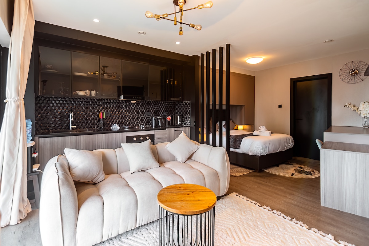 Opting for clean and uncluttered energy, you’ll find this apartment unit equipped for the most discerning guests. The living space displays minimalism with a tone style to complement contemporary decor with a hint of Japanese Wabi Sabi style. Colors are serene and neutral and comfort is the standard. Wall-to-wall glass facade windows flood the space with natural light (and warmth). Looking to take a siesta? Note : Gym and Pool is paid for guests that stay +30 days
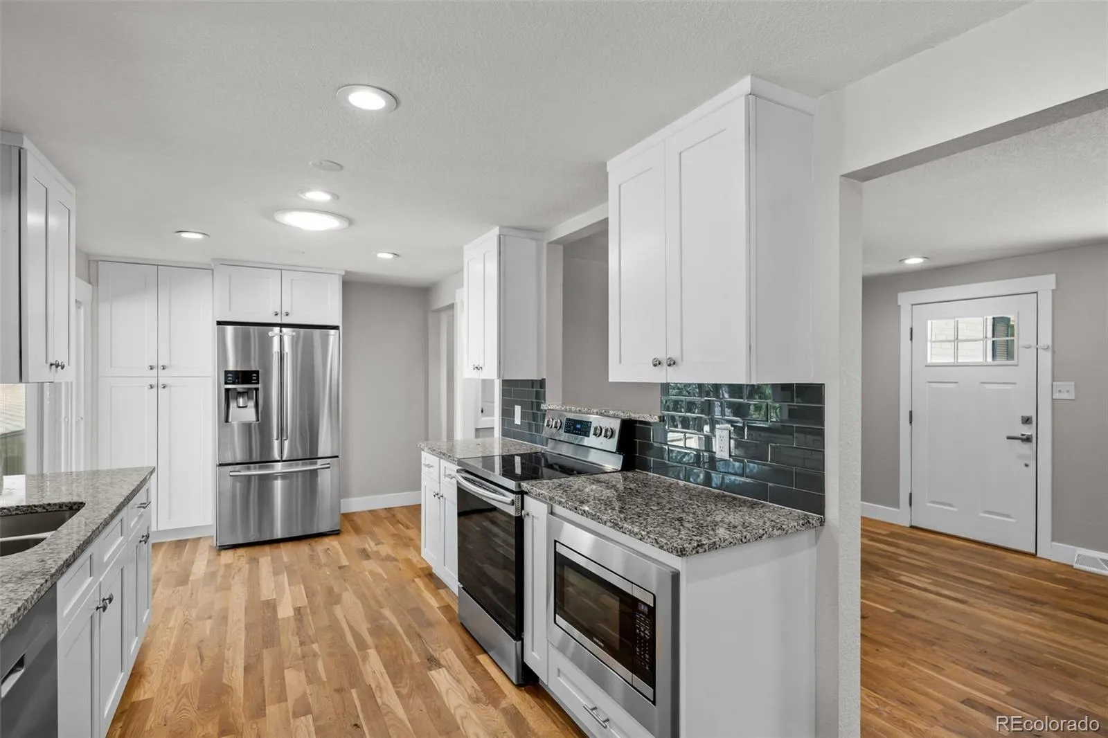 Brand New Listing! Comprehensively Transformed BRICK RANCH with a Redesigned OPEN-CONCEPT-FLOORPLAN LOADED with Upgrades Spanning Nearly Every Area of the Home. Showcasing a Beautifully REMODELED KITCHEN with Slab GRANITE Countertops*Glass Subway Tile Backsplash*Stainless Steel Appliances*Under Counter Sink*Brush Nickel Hardware*Spacious Pantry and In-ceiling LED Lighting + an Overhead Solar Tube Skylight. Some of the Many Wonderful Features Include: Upgraded Windows, Sliding Door & Paneled Interior Doors*Extended Hardwood Flooring*5” Baseboards*Upgraded Interior and Exterior Lighting & Wall Sconces*Upgraded Electrical Switches/Outlets*Replaced Front Door & Hardware/Sliding Patio Door/Garage Door*CUSTOM Doorway/Openings Casement Trim*Neutral Carpeting & Paint and Retextured Walls & Ceilings Throughout. Includes THREE REMODELED BATHROOMS – (Vanities/Granite Countertops/Sinks/Faucets/Mirrors/Toilets/Lighting & Fixtures). The Major Mechanical Systems Feature an Upgraded FURNACE*AIR-CONDITIONING & WATER HEATER and a Samsung Front-Load Washer and Dryer. Positioned on a Nice Green Mtn Estates Lot Featuring an approx. 30ft Covered Rear Patio w/Low Maintenance Vinyl Ceiling, Large Attached Storage Shed and Extra Deep 2-Car Garage. Just a Few Blocks to approx. 2,400 Acres of OPEN SPACE & Union Blvd’s Many Shops & Restaurants. About 2 Miles to St. Anthony’s Hospital, the West Light Rail Station and Approx. 11 Miles to Downtown *source google maps. The various upgrades were made by current and prior owner. Dates of the remodeled and upgraded features vary. Information though deemed reliable is not guaranteed. Buyers are advised to independently verify all information. …Showings Start Monday 4/20.
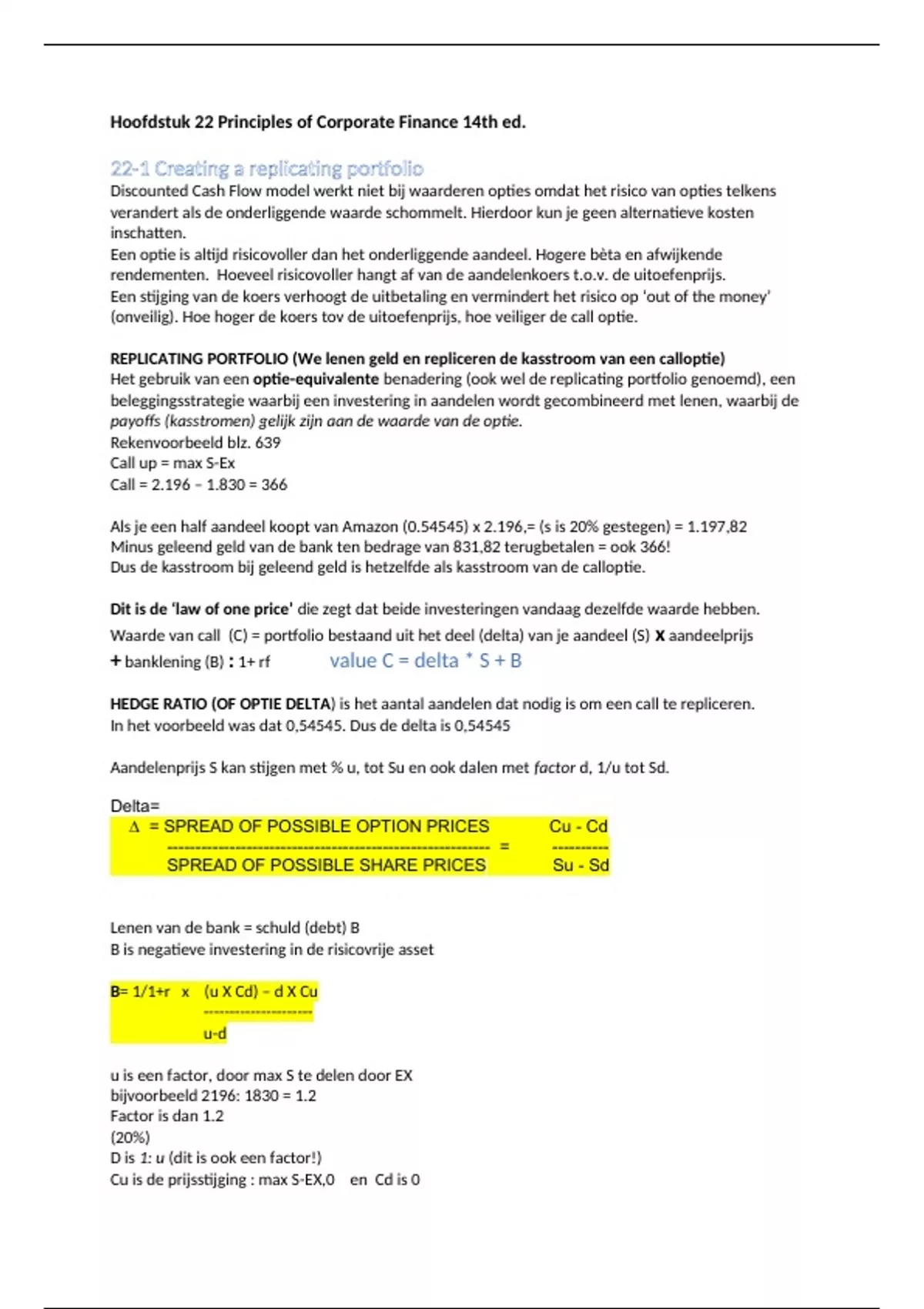 Waarde van call (C) = portfolio bestaand uit het deel (delta) van je aandeel (S) x aandeelprijs
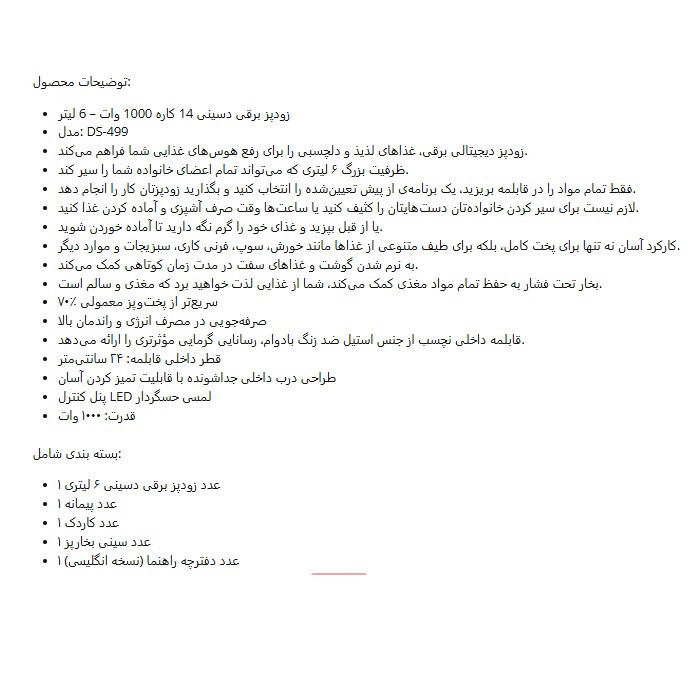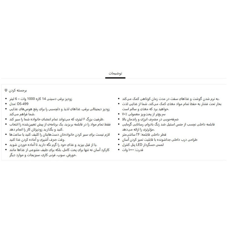 پلوپز 10 نفره دسینی مدل 12 کاره لمسی کد ds-499
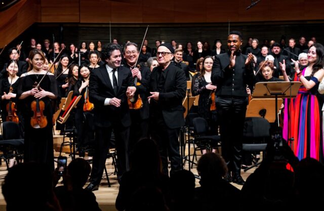 Il direttore Gustavo Dudamel, da sinistra, il compositore David Lang, il basso-baritono Davóne Tines e il mezzosoprano Fleur Barron fanno una chiamata al sipario dopo una prima esecuzione mondiale della New York Philharmonic della “ricchezza delle nazioni” di Lang alla David Geffen Corridor, Lincoln Middle, New York.
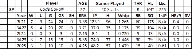 His average fastball (96.2 mph) aligned with his previous career path. Cavalli features a high volume curveball (.351 BAA), supported with a four-seamer (.258 BAA), sinker (.310 BAA), changeup (.222 BAA), and cutter (.200 BAA). He struggled with right-handed batters (.381 BAA over 84 at-bats with 14 runs and three home runs).
::::::
■ **Work item**:
Your output should be exactly the lines of the records above from the one with "Il direttore Gustavo" through the last, both ends included, with pictures excluded.

■ **Written reply**:
 Il direttore Gustavo Dudamel, da sinistra, il compositore David Lang, il basso-baritono Davóne Tines e il mezzosoprano Fleur Barron fanno una chiamata al sipario dopo una prima esecuzione mondiale della New York Philharmonic della “ricchezza delle nazioni” di Lang alla David Geffen Corridor, Lincoln Middle, New York.
 His average fastball (96.2 mph) aligned with his previous career path. Cavalli features a high volume curveball (.351 BAA), supported with a four-seamer (.258 BAA), sinker (.310 BAA), changeup (.222 BAA), and cutter (.200 BAA). He struggled with right-handed batters (.381 BAA over 84 at-bats with 14 runs and three home runs).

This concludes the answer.